== SUPPLIED INFORMATION ==

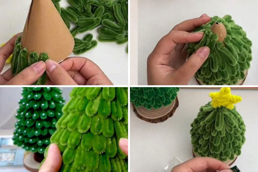 Hướng dẫn cách làm cây thông Noel đơn giản với kẽm nhung:
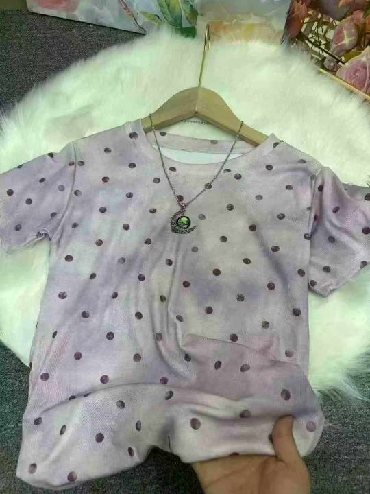 重工晕染波点圆领短袖T恤女夏季设计感显瘦遮肉气质上衣,整款2色,紫色为主,弹力超大,2到5码,3200件左右,4.9秒杀,分货加1
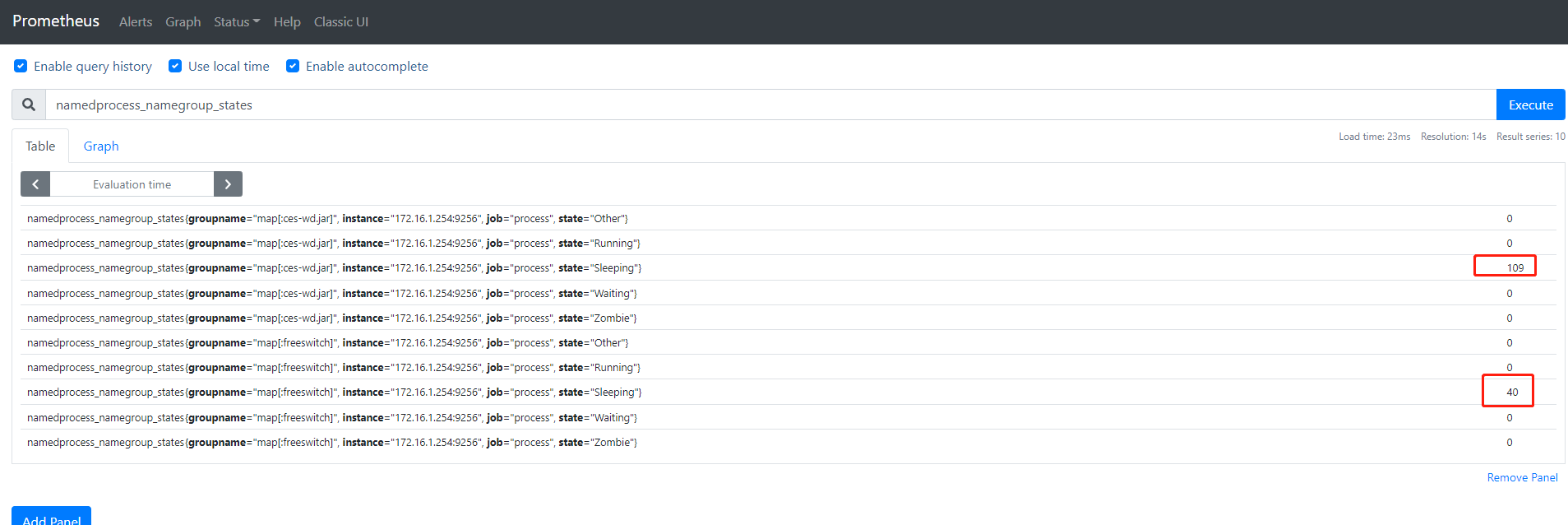 ….. - job_name: 'process' scrape_interval: 2m scrape_timeout: 120s static_configs: file_sd_configs: - files: - /data/prometheus/config/process_exporter.json ….. [root@harbor config]# cat process_exporter.json [ { "labels": { "desc": "ces-wd", "group": "ces-wd.jar", "host_ip": "172.16.1.254", "hostname": "abc_baidu" }, "targets": [ "172.16.1.254:9256" ] }, { "labels": { "desc": "freeswitch", "group": "freeswitch", "host_ip": "172.16.1.254", "hostname": "abc_baidu" }, "targets": [ "172.16.1.254:9256" ] } ] |

===

Write out the line that contains "重工晕染波点圆领短袖T恤女夏" and every line after it to the end of the data, exactly as they stand. Omit the pictures.

 重工晕染波点圆领短袖T恤女夏季设计感显瘦遮肉气质上衣,整款2色,紫色为主,弹力超大,2到5码,3200件左右,4.9秒杀,分货加1
 ….. - job_name: 'process' scrape_interval: 2m scrape_timeout: 120s static_configs: file_sd_configs: - files: - /data/prometheus/config/process_exporter.json ….. [root@harbor config]# cat process_exporter.json [ { "labels": { "desc": "ces-wd", "group": "ces-wd.jar", "host_ip": "172.16.1.254", "hostname": "abc_baidu" }, "targets": [ "172.16.1.254:9256" ] }, { "labels": { "desc": "freeswitch", "group": "freeswitch", "host_ip": "172.16.1.254", "hostname": "abc_baidu" }, "targets": [ "172.16.1.254:9256" ] } ] |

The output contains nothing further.